JP3193256B2 - Slat conveyor device - Google Patents

Description

DETAILED DESCRIPTION OF THE INVENTION

[0001]

BACKGROUND OF THE INVENTION 1. Field of the Invention The present invention relates to a slat conveyor device in which a plurality of slats are provided above an endless member which travels around.

[0002]

2. Description of the Related Art Generally, in order to place and transport articles,
Conveyor devices having various configurations are used. For example, there is widely known a slat conveyor device having an endless member such as a chain or a timing belt that travels around the wheel while engaging with a transfer sprocket, and in which a plurality of slats (for example, steel slats) are provided above the endless member. Have been.
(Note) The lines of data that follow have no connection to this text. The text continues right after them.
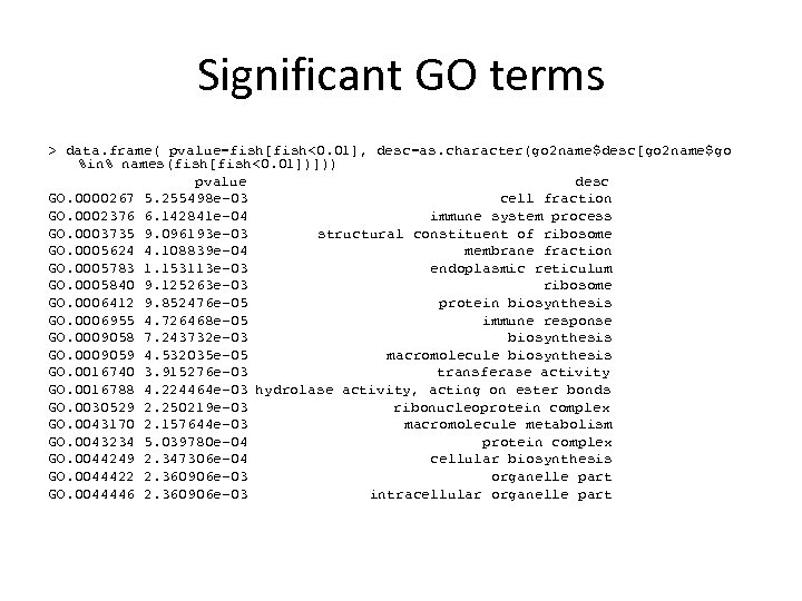 Significant GO terms > data. frame( pvalue=fish[fish<0. 01], desc=as. character(go 2 name$desc[go 2 name$go %in% names(fish[fish<0. 01])])) pvalue desc GO. 0000267 5. 255498 e-03 cell fraction GO. 0002376 6. 142841 e-04 immune system process GO. 0003735 9. 096193 e-03 structural constituent of ribosome GO. 0005624 4. 108839 e-04 membrane fraction GO. 0005783 1. 153113 e-03 endoplasmic reticulum GO. 0005840 9. 125263 e-03 ribosome GO. 0006412 9. 852476 e-05 protein biosynthesis GO. 0006955 4. 726468 e-05 immune response GO. 0009058 7. 243732 e-03 biosynthesis GO. 0009059 4. 532035 e-05 macromolecule biosynthesis GO. 0016740 3. 915276 e-03 transferase activity GO. 0016788 4. 224464 e-03 hydrolase activity, acting on ester bonds GO. 0030529 2. 250219 e-03 ribonucleoprotein complex GO. 0043170 2. 157644 e-03 macromolecule metabolism GO. 0043234 5. 039780 e-04 protein complex GO. 0044249 2. 347306 e-04 cellular biosynthesis GO. 0044422 2. 360906 e-03 organelle part GO. 0044446 2. 360906 e-03 intracellular organelle part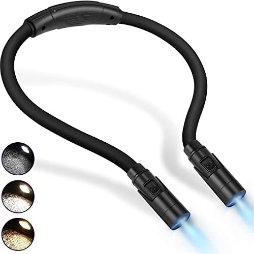 LUXJET 9 Modes LED Book Light Neck Lamp, LED Reading Lights with 3 Colours and 3 Brightness Levels, Hug Book Light for Reading in Bed at Night, Knitting, Handcraft Work, Crochet (Black)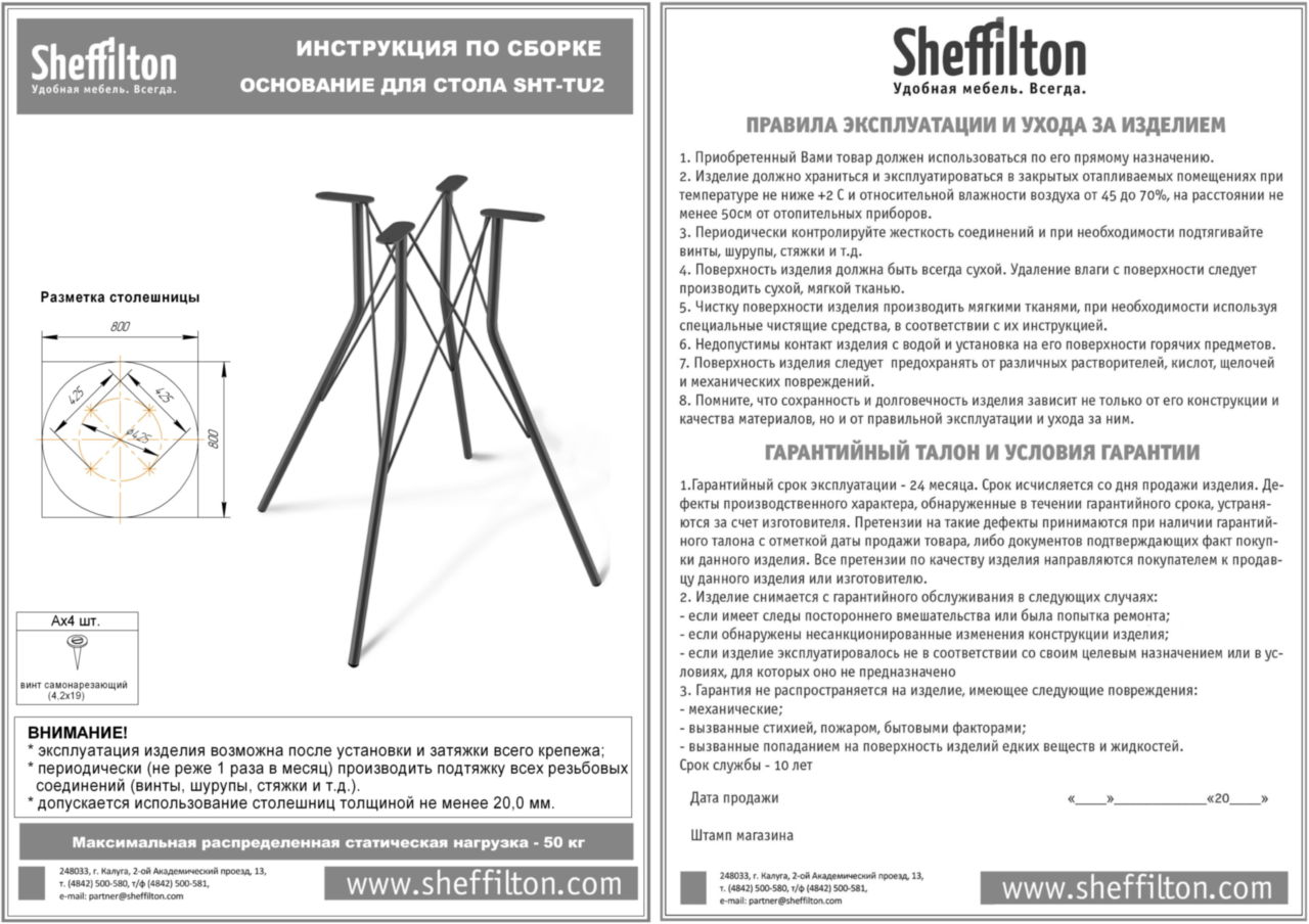 Максимальная статическая нагрузка на стол 50 кг.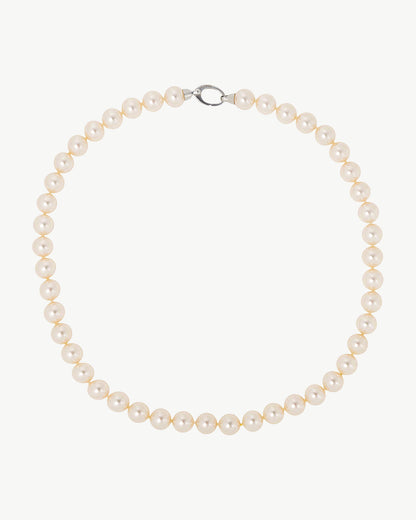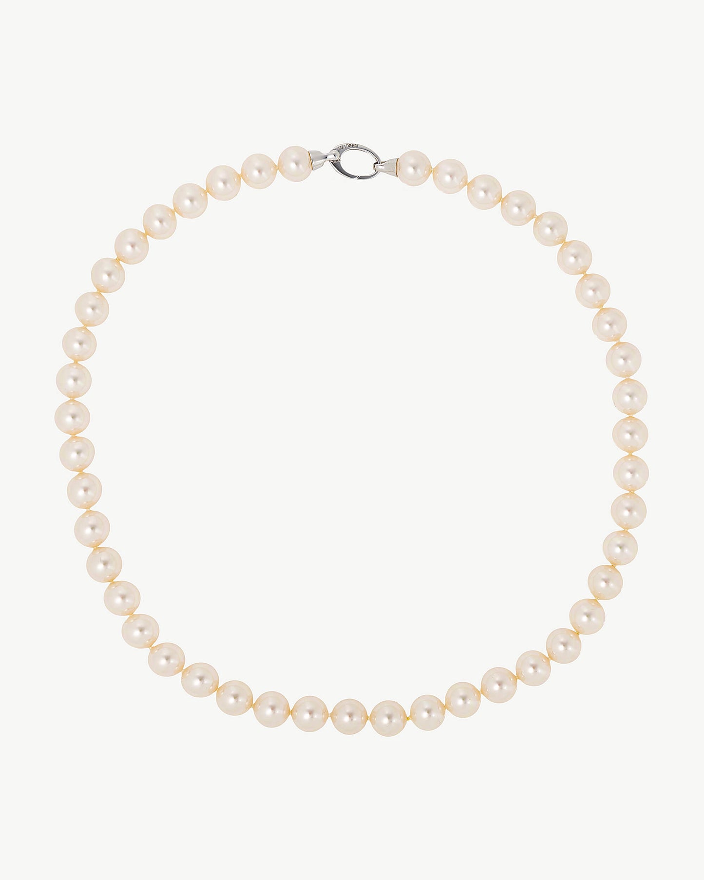 Collar corto de 50 cm en plata, perlas redondas blancas de 10 mm.

[0003] As this type of slat conveyor device, for example, as disclosed in Japanese Patent Application Laid-Open No. 4-251015, a module top chain that can be bent in the horizontal and vertical directions, and modules that overlap each other are leaf springs. As described in Japanese Patent Application Laid-Open No. 4-292317,
A chain conveyor is known in which a slat plate is fixed to an attachment of a chain and each slat plate is arranged in front and rear contact.

[0004]

However, in each of the above prior arts, since the modules or slat plates, which are slats, overlap or abut each other, the chain moves from the arc-shaped orbit to the linear orbit along the sprocket. There is a problem that the slat on the rear side in the traveling direction collides with the rear end of the slat on the front when moving to.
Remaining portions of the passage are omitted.